**EXERCISE DIRECTIONS**: The answer must be an exact copy of the entries below, with no images in it.

**SOURCE DATA**:
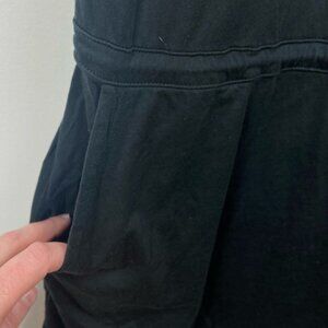 Wilfred Free Black Romper from Aritzia in Women's Size XS. Rope tie waist. Round neck. Sleeveless. Article # 55203. 60% cotton and 40% modal. Machine washable. Very good pre-loved condition. No visible flaws.
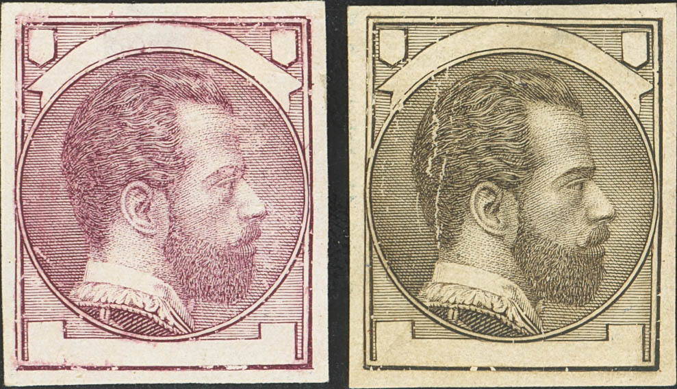 (★)1872. Sin valor y sin leyenda en lila y castaño. PRUEBAS DE PUNZON DE UN DISEÑO NO ADOPTADO. MAGNIFICAS. (Gálvez 661, 664)
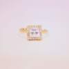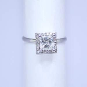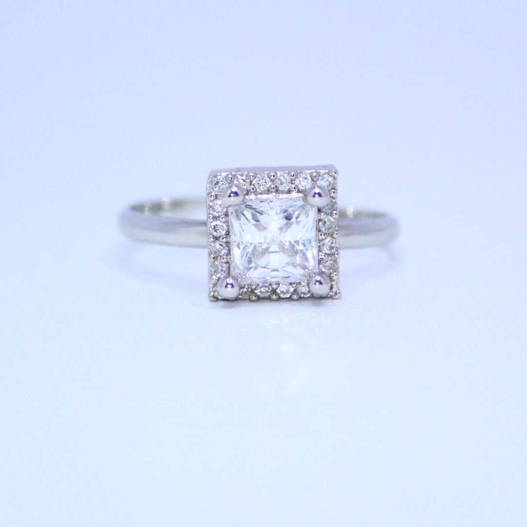 A radiant princess-cut halo ring set in a sleek silver band, designed for those who adore classic elegance with a modern touch. Perfect for special occasions or as a cherished gift.
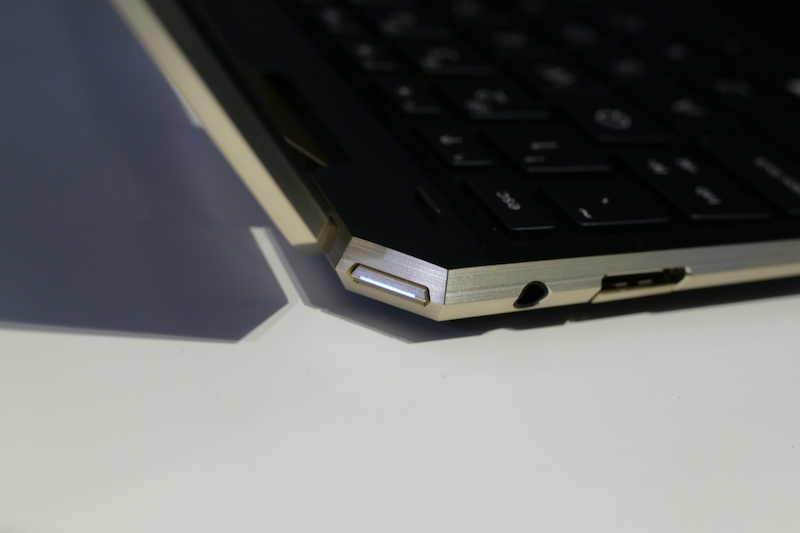 ▲左コーナーには電源ボタンを配置。CNC削り出しのアルミニウムを使い、エッジ部分を面取りした「エメラルド・カットデザイン」を採用。本体重量は約1.24kg
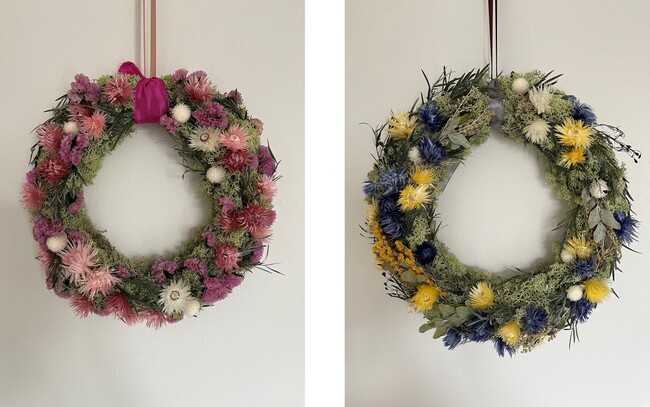 小さな頃の懐かしい風景を思わせるやさしい草花をちりばめたフラワーリースに感謝の思いをのせて、大切なおかあさまへとあなたの大切な心ごとお届けいたします。
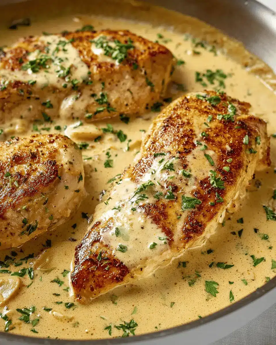 - Finally, return the cooked chicken breasts to the skillet and spoon the creamy sauce over top. Allow the chicken to heat through. Serve with fresh chopped parsley (optional), and enjoy!
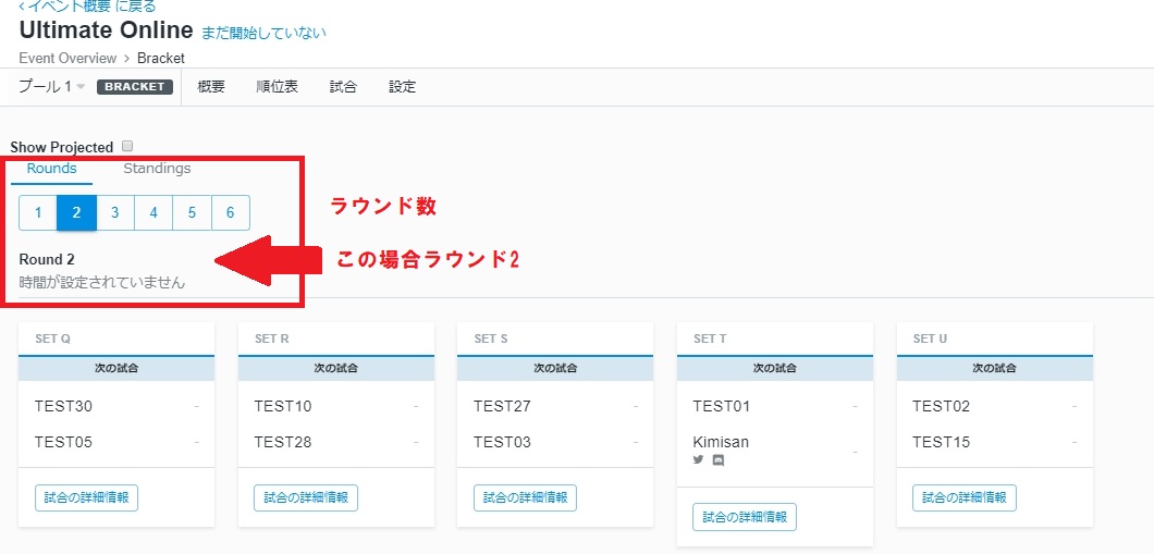 例で言うと「SET A」と表記されていれば、対戦IDはAとなります。
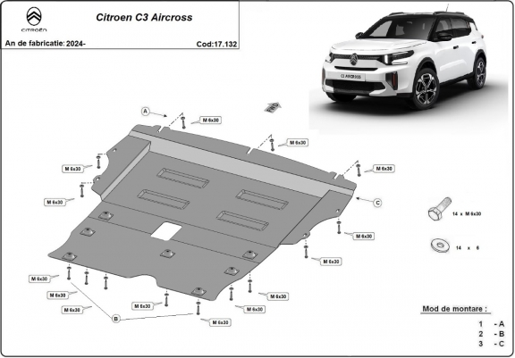 Der Unterfahrschutz ist neu und passt perfekt für alle Citroen C3 Aircross versionen, die zwischen 2024 und 2026 hergestellt wurden. Die Abschirmung schützt: motor, getriebe Aus Stahlblech angefertigt mit einer Stärke von 2 mm. Schrauben, Mutter, Klips - alle Befestigungszubehör sind im Lieferung enthalten. Um mehr Schutz zu bieten gegen Korrosion wird der Unterfahrschutz elektrostatisch besprüht (Pulverbeschichtet) und bei 200o eingebrannt bzw. getrocknet. |
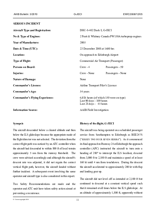 AAIB Bulletin 3/2010 EW/C2008/12/05, DHC-8-402, Dash 8, G-JECI, Edinburgh, 23 Dec 2008
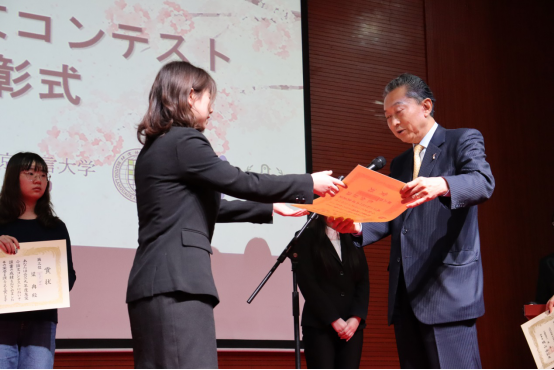 鸠山由纪夫先生为同学颁奖
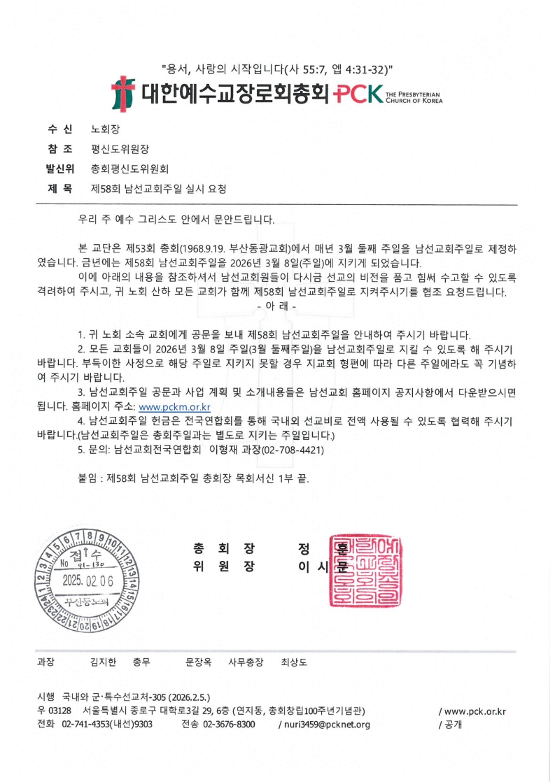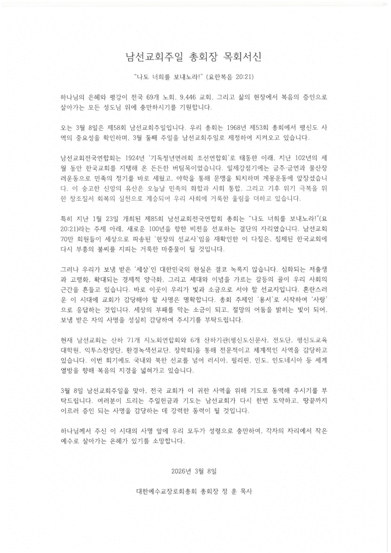 2026년 3월 8일은 총회 남선교회주일입니다.
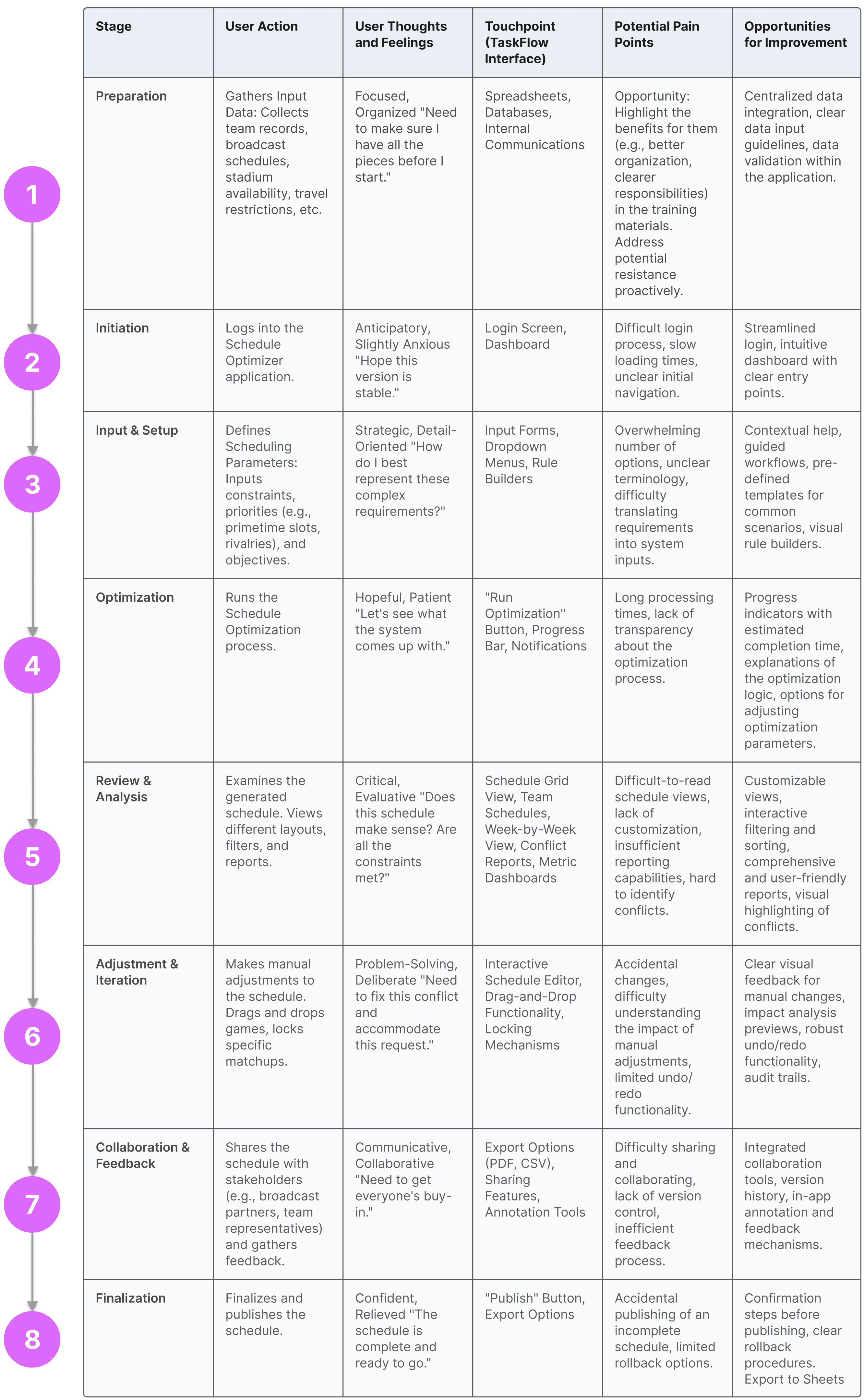 Create a user experience that is seamless and easy to use: The schedule optimizer tool should allow the scheduling team to run example scenarios by entering key parameters and let the AI in the application run a number of selected scenarios.

**RESPONSE AREA**:
 Wilfred Free Black Romper from Aritzia in Women's Size XS. Rope tie waist. Round neck. Sleeveless. Article # 55203. 60% cotton and 40% modal. Machine washable. Very good pre-loved condition. No visible flaws.
 (★)1872. Sin valor y sin leyenda en lila y castaño. PRUEBAS DE PUNZON DE UN DISEÑO NO ADOPTADO. MAGNIFICAS. (Gálvez 661, 664)
 A radiant princess-cut halo ring set in a sleek silver band, designed for those who adore classic elegance with a modern touch. Perfect for special occasions or as a cherished gift.
 ▲左コーナーには電源ボタンを配置。CNC削り出しのアルミニウムを使い、エッジ部分を面取りした「エメラルド・カットデザイン」を採用。本体重量は約1.24kg
 小さな頃の懐かしい風景を思わせるやさしい草花をちりばめたフラワーリースに感謝の思いをのせて、大切なおかあさまへとあなたの大切な心ごとお届けいたします。
 - Finally, return the cooked chicken breasts to the skillet and spoon the creamy sauce over top. Allow the chicken to heat through. Serve with fresh chopped parsley (optional), and enjoy!
 例で言うと「SET A」と表記されていれば、対戦IDはAとなります。
 Der Unterfahrschutz ist neu und passt perfekt für alle Citroen C3 Aircross versionen, die zwischen 2024 und 2026 hergestellt wurden. Die Abschirmung schützt: motor, getriebe Aus Stahlblech angefertigt mit einer Stärke von 2 mm. Schrauben, Mutter, Klips - alle Befestigungszubehör sind im Lieferung enthalten. Um mehr Schutz zu bieten gegen Korrosion wird der Unterfahrschutz elektrostatisch besprüht (Pulverbeschichtet) und bei 200o eingebrannt bzw. getrocknet. |
 AAIB Bulletin 3/2010 EW/C2008/12/05, DHC-8-402, Dash 8, G-JECI, Edinburgh, 23 Dec 2008
 鸠山由纪夫先生为同学颁奖
 2026년 3월 8일은 총회 남선교회주일입니다.
 Create a user experience that is seamless and easy to use: The schedule optimizer tool should allow the scheduling team to run example scenarios by entering key parameters and let the AI in the application run a number of selected scenarios.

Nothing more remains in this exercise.